TASK DIRECTIONS:
Print the lines below from the line with "転倒によるこけ傷で、外装カウ" to the line with "Made in Italy, these" exactly, keeping both ends, and print no pictures.

DATA UNDER STUDY:
Start of Block

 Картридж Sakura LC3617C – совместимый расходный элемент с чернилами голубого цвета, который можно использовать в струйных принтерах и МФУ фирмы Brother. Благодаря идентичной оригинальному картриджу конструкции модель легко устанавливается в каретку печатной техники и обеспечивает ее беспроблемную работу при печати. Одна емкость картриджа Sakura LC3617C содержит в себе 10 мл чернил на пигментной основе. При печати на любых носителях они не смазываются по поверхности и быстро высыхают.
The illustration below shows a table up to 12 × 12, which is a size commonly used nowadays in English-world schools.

End of Block
Start of Block

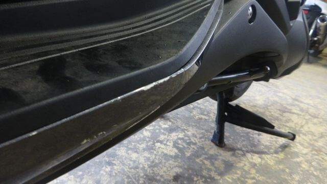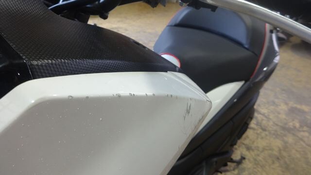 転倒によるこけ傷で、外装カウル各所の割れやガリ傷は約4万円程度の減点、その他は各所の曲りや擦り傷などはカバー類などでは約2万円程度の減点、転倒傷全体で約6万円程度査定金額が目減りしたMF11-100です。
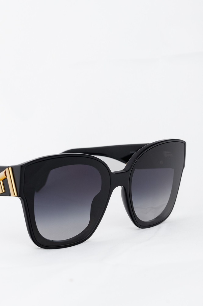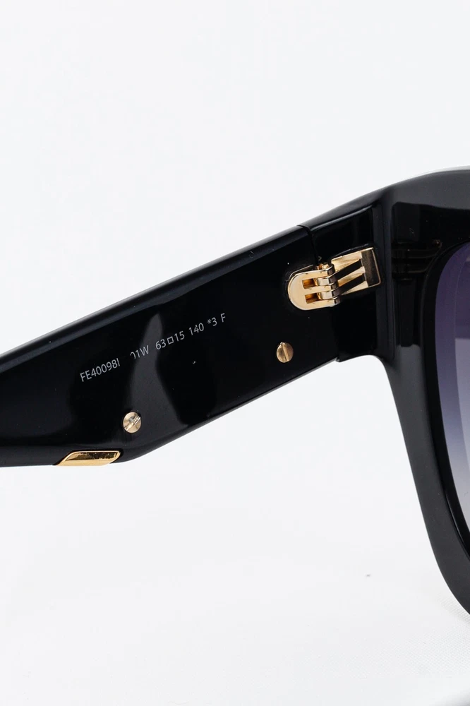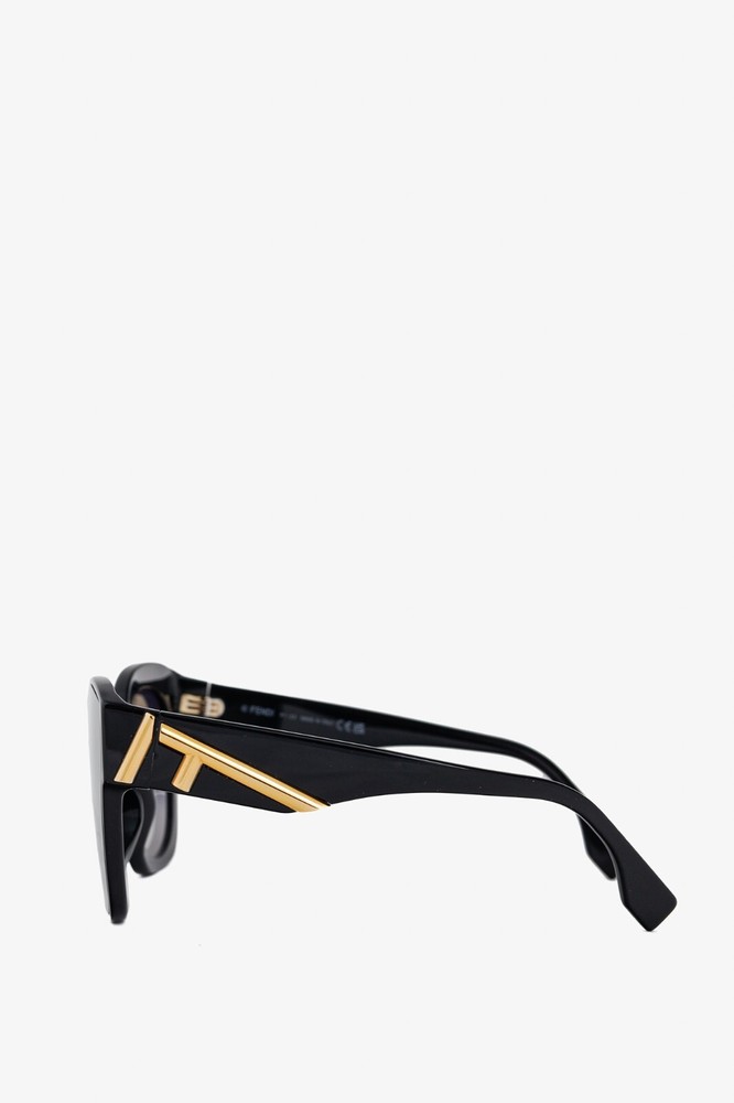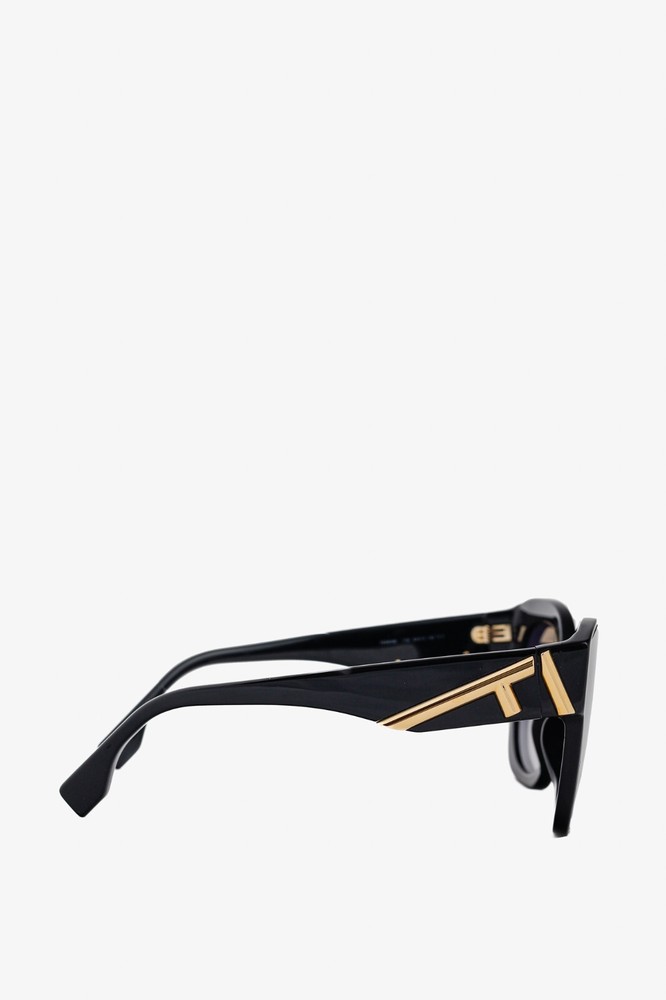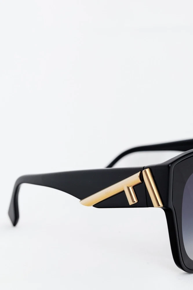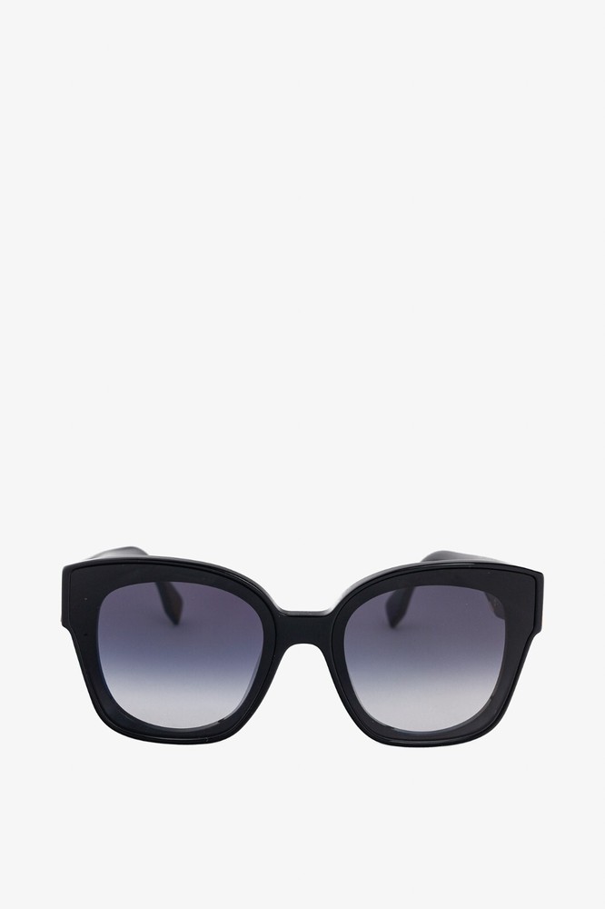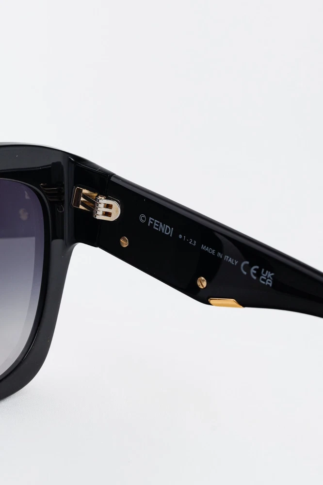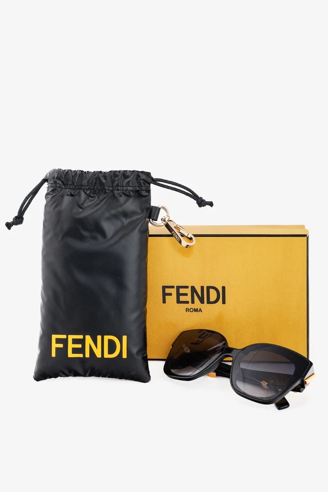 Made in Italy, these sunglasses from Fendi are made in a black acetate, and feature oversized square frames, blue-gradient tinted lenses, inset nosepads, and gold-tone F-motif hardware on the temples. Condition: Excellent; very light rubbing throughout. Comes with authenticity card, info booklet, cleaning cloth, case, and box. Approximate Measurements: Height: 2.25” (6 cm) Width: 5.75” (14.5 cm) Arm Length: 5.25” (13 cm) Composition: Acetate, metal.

End of Block
Start of Block

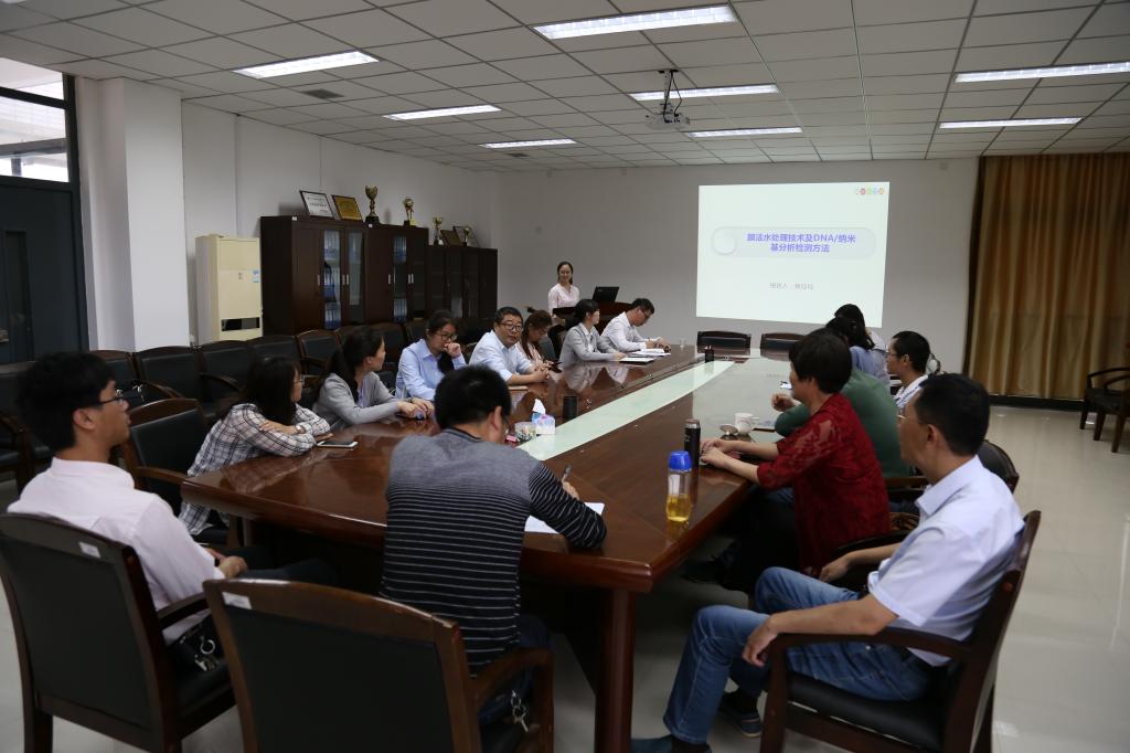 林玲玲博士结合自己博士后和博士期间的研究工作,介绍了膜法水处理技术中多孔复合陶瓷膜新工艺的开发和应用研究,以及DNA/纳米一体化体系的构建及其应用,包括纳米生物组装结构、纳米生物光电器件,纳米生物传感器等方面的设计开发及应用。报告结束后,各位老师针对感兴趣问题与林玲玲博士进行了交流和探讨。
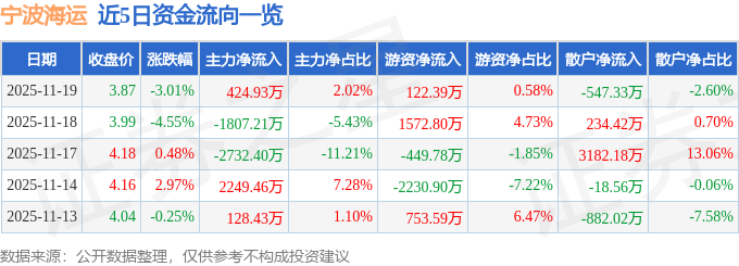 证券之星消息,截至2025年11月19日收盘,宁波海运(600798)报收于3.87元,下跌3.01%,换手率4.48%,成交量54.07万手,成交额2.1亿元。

End of Block

RESPONSE TO THIS TASK:
 転倒によるこけ傷で、外装カウル各所の割れやガリ傷は約4万円程度の減点、その他は各所の曲りや擦り傷などはカバー類などでは約2万円程度の減点、転倒傷全体で約6万円程度査定金額が目減りしたMF11-100です。
 Made in Italy, these sunglasses from Fendi are made in a black acetate, and feature oversized square frames, blue-gradient tinted lenses, inset nosepads, and gold-tone F-motif hardware on the temples. Condition: Excellent; very light rubbing throughout. Comes with authenticity card, info booklet, cleaning cloth, case, and box. Approximate Measurements: Height: 2.25” (6 cm) Width: 5.75” (14.5 cm) Arm Length: 5.25” (13 cm) Composition: Acetate, metal.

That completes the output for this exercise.